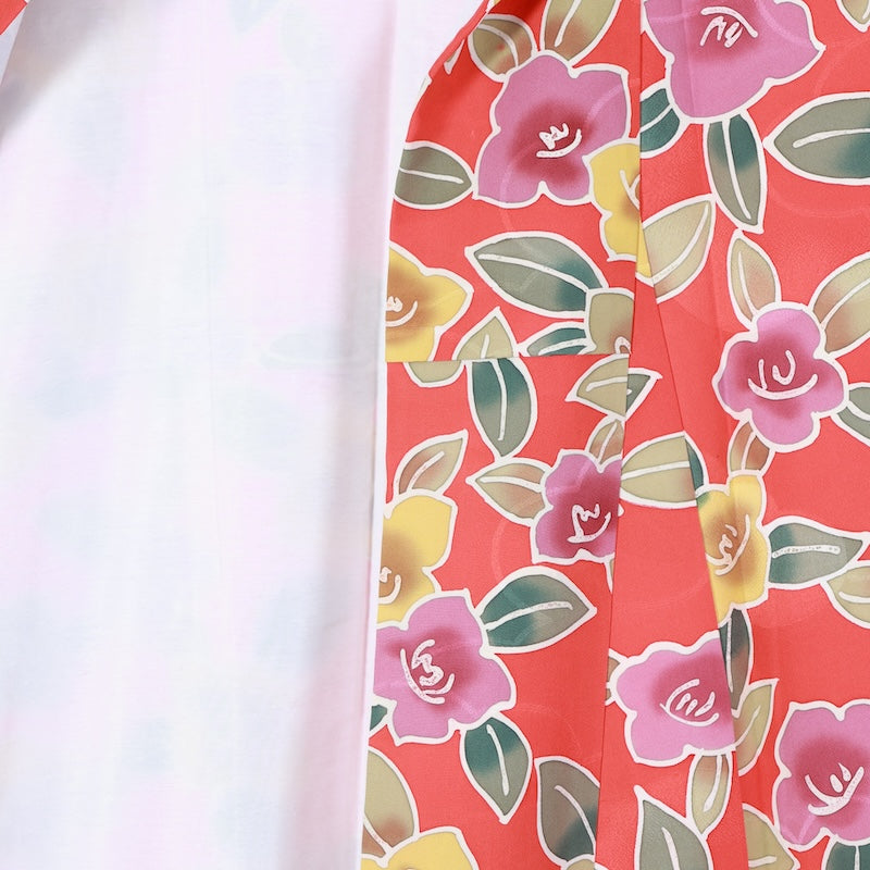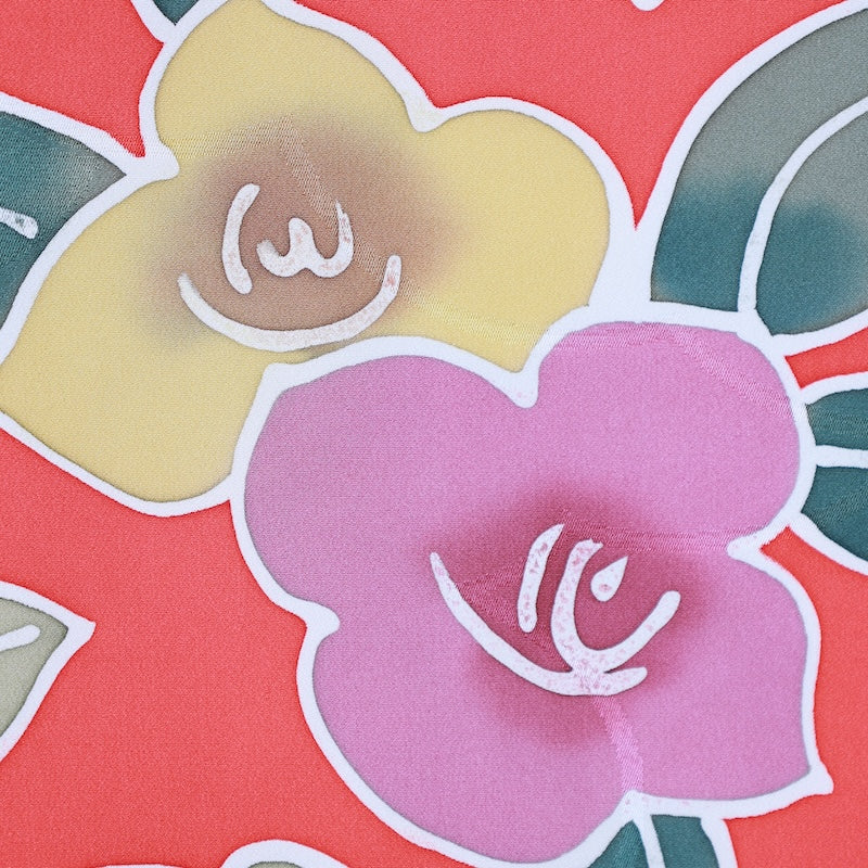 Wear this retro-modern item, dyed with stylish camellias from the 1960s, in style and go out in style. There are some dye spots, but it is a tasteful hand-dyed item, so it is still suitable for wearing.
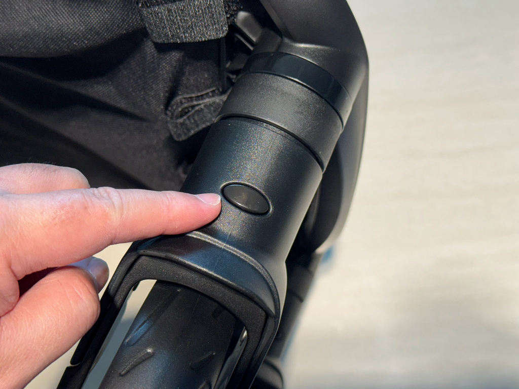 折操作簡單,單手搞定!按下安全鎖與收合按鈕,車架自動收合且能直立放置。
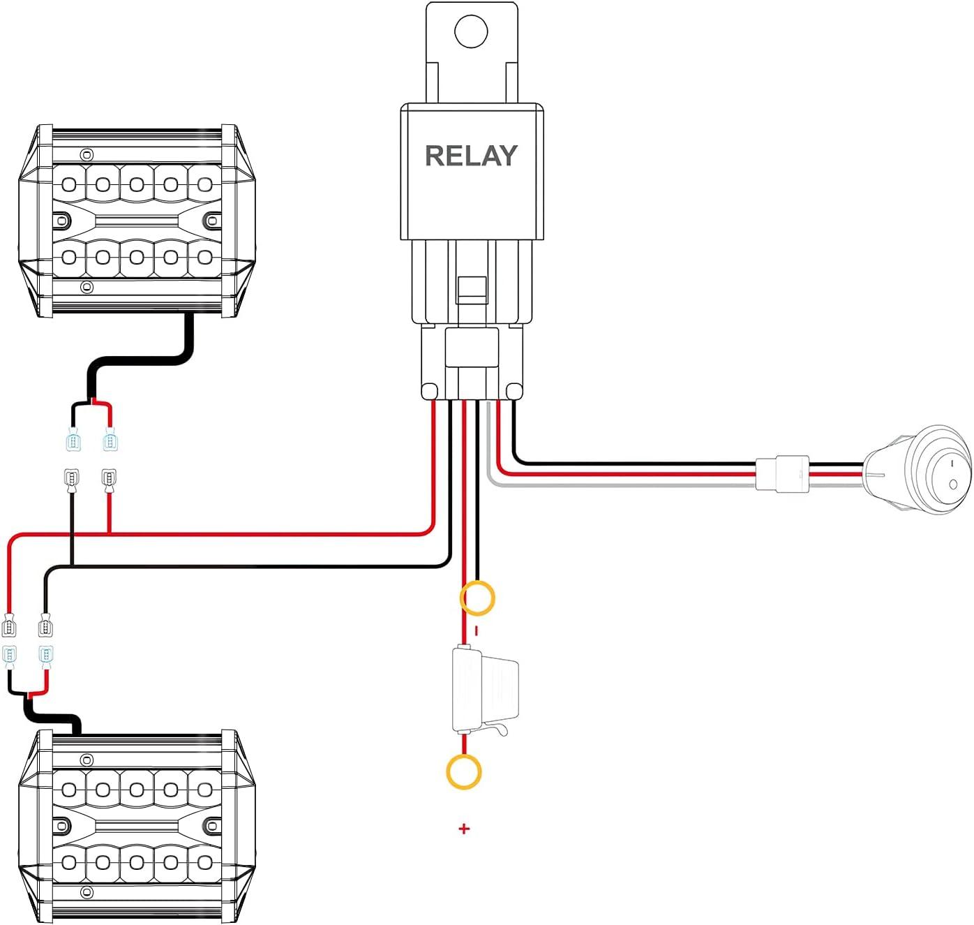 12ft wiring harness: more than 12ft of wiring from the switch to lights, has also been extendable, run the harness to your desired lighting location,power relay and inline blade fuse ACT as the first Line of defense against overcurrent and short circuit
==========
## [Problem to work on]
What is needed is an exact copy of each line from the top of the data above through the line containing "折操作簡單,單手搞定!按下安全鎖與收合按鈕,車架自動收合且能直立放置。", with no pictures.

## [Reply to the task]
 Wear this retro-modern item, dyed with stylish camellias from the 1960s, in style and go out in style. There are some dye spots, but it is a tasteful hand-dyed item, so it is still suitable for wearing.
 折操作簡單,單手搞定!按下安全鎖與收合按鈕,車架自動收合且能直立放置。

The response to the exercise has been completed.